Adalah sesuatu yang biasa saja ketika Dirjen Otonomi Daerah Kemendagri memberikan predikat sebagai daerah otonom " Zona Merah " kepada Bangka Selatan. Sinyalemen tentang itu sudah terlihat ketika pelayanan publik yang menjadi parameter dalam penilaian kepada suatu daerah otonomi memang belum optimal diaplikasikan di daerah ini yang akan merayakan hari jadinya yang keduabelas 27 januari ini.
Bagaimana tidak, sektor kesehatan yang merupakan simbol dalam menilai keberhasilan daerah dan menjadi tanggungjawab negara seakan-akan terabaikan. Padahal kesehatan adalah salah satu kredit point bagi negara dalam melayani masyarakat. Dan ketika suatu daerah mengalami kasus demam berdarah yang membuat 1 jiwa manusia dan rakyat saja hilang dan menjadi korban maka sektor itu dianggap gagal.
Demikian pula dengan sektor pendidikan yang tertera dalam konstitusi kita. Satu warga dan anak bangsa putus sekolah maka perlu dipertanyakan kredibilitas daerah itu dalam melayani masyarakatnya. Apalagi UU Pelayanan Publik telah dilahirkan sebagai bentuk memberikan rasa nyaman dan aman bagi warga masyarakat dalam berkehidupan.
Perkebunan Lada di Toboali, Bangka Selatan (dok. Pribadi)

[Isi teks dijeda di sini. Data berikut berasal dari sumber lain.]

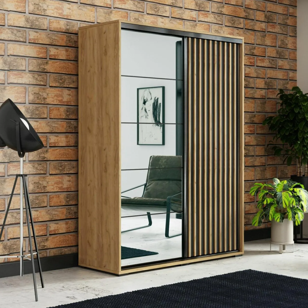 Szafa przesuwna z lamelami i lustrem LIMA pomoże zorganizować zarówno wieszaki z sukienkami, koszulami czy płaszczami, jak i poskładane ubrania.

Keberhasilan suatu daerah bukan diukur dari parameter berapa megah gedung perkantoran. Kesuksesan sebuah daerah bukan hanya diukur dari banyak kendaraan flat merah yang hilir mudik mengasapi warga lewat knalpot mobilnya yang anggarannya diperoleh ari rakyat. Namun kesuksesan dan keberhasilan daerah dapat dipandang ketika masyarakat sehat dan mendapat pendidikan yang pantas sebagaimana amanat Konstitusi.
Tak pelak kebelumberhasilan Bangka Selatan dalam dua sektor ini membuat IPM (indek Pembangunan Manusia) yang menjadikan tolak ukur prestasi sebuah daerah otonom kalah dengan daerah lainnya di Provinsi Bangka Belitung.
Untuk melahirkan pelayan publik yang maknyus dan sukses tentunya perlu didukng infrastruktur birokrat yang kuat, berwibawa dan mampu memartabatkan jabatan sebagai pamong praja dan pelayan masyarakat.
Selama kurun waktu 12 tahun ini sektor birokrasi menjadi sektor yang paling sering mendapatkan kritikan dari anggota masyarakat. Kepala daerah dengan kewenanganya kadangkala melalaikan asas kompetensi dalam menempatkan birokrat dalam jabatan.
Tak heran birokrat yang diamanah jabatan yang bukan bidangnya kadangkala kerepotan menyesuaikan diri dengan jabatan yang diamanahkan kepadanya. Dan proses belajar pun perlu waktu. Sementara proses pelayanan kepada masyarakat tak boleh terhenti.
Akibat ketidakakuratan dalam menempatkan birokrat dalam jabatan, membuat birokrat harus bertentangan dengan hukum yang mengakibatkan mareka harus menerima konsekwensi hukum. Dan yang menjadi persoalan adalah kenapa birokrat tidak memberikan apologi, alasan dan argumentasi ketika jabatan yang diamanahkan Kepala Daerah kepada birokrat tak sesuai dengan kompetensi dan pengalaman kerjanya. Dan ini memang menjadi ciri khas birokrat akan jabatan.